Portada de la biografía 'Hannah Arendt', de Samantha Rose Hill (Báltica). /WMagazín

'Hannah Arendt'

Samantha Rose Hill

Eichmann en Jerusalén

Desde el principio, Arendt se sintió frustrada por el proceso. Esperaba un juicio en el cual asistiría a la fundamentación de un caso contra Eichmann por las atrocidades que cometió. En su lugar, se encontró con un payaso en una vitrina y una exhibición de «teatralidad barata». Durante días, ni siquiera se mencionó el nombre de Eichmann y, en lugar de juzgar al propio malhechor, el proceso se convirtió en «una especie de balance histórico» de «las penas del pueblo judío». Arendt estaba ansiosa por marcharse, pero al mismo tiempo temía perderse algo si regresaba a casa.
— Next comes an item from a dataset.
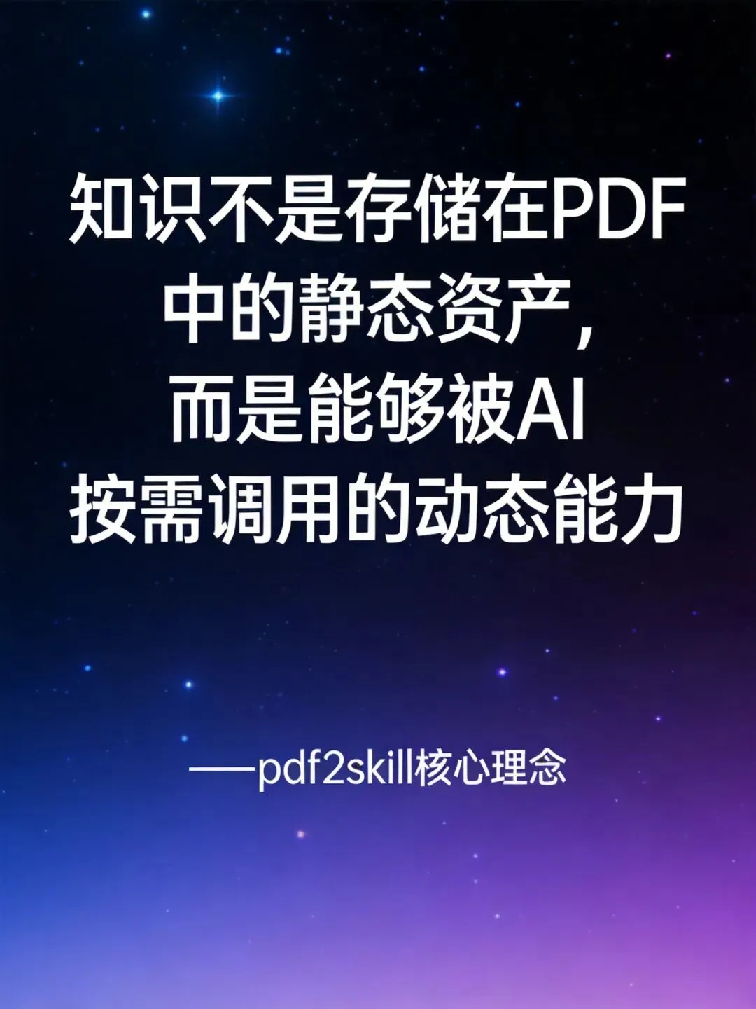 图注:知识不是存储在PDF中的静态资产,而是能够被AI按需调用的动态能力 —— pdf2skill核心理念

Cuando terminó el juicio, el 15 de diciembre de 1961, Adolf Eichmann fue declarado culpable de «crímenes contra el pueblo judío» y condenado a muerte. El 1 de junio de 1962, después de que el tribunal de apelación israelí rechazara su recurso, fue ahorcado. El reportaje de Arendt sobre el juicio apareció en una serie de cinco artículos para la revista New Yorker, entre el 15 de febrero y el 16 de marzo de 1963. La versión en forma de libro, Eichmann en Jerusalén: un informe sobre la banalidad del mal, se publicó en mayo.

Al final de Eichmann en Jerusalén, Hannah Arendt rechaza el juicio y la condena de Eichmann y propone la suya propia:

«Porque la política no es un jardín de infancia; en política, la obediencia y el apoyo son lo mismo. Y así como usted apoyó y ejecutó una política de no compartir la Tierra con el pueblo judío y con los pueblos de otras naciones —como si usted y sus superiores tuvieran algún derecho para decidir quién debe y quién no debe habitar el mundo—, consideramos que nadie, es decir, ningún miembro de la raza humana querrá compartir la Tierra con usted. Esta es la razón, y la única razón, por la que debe morir en la horca».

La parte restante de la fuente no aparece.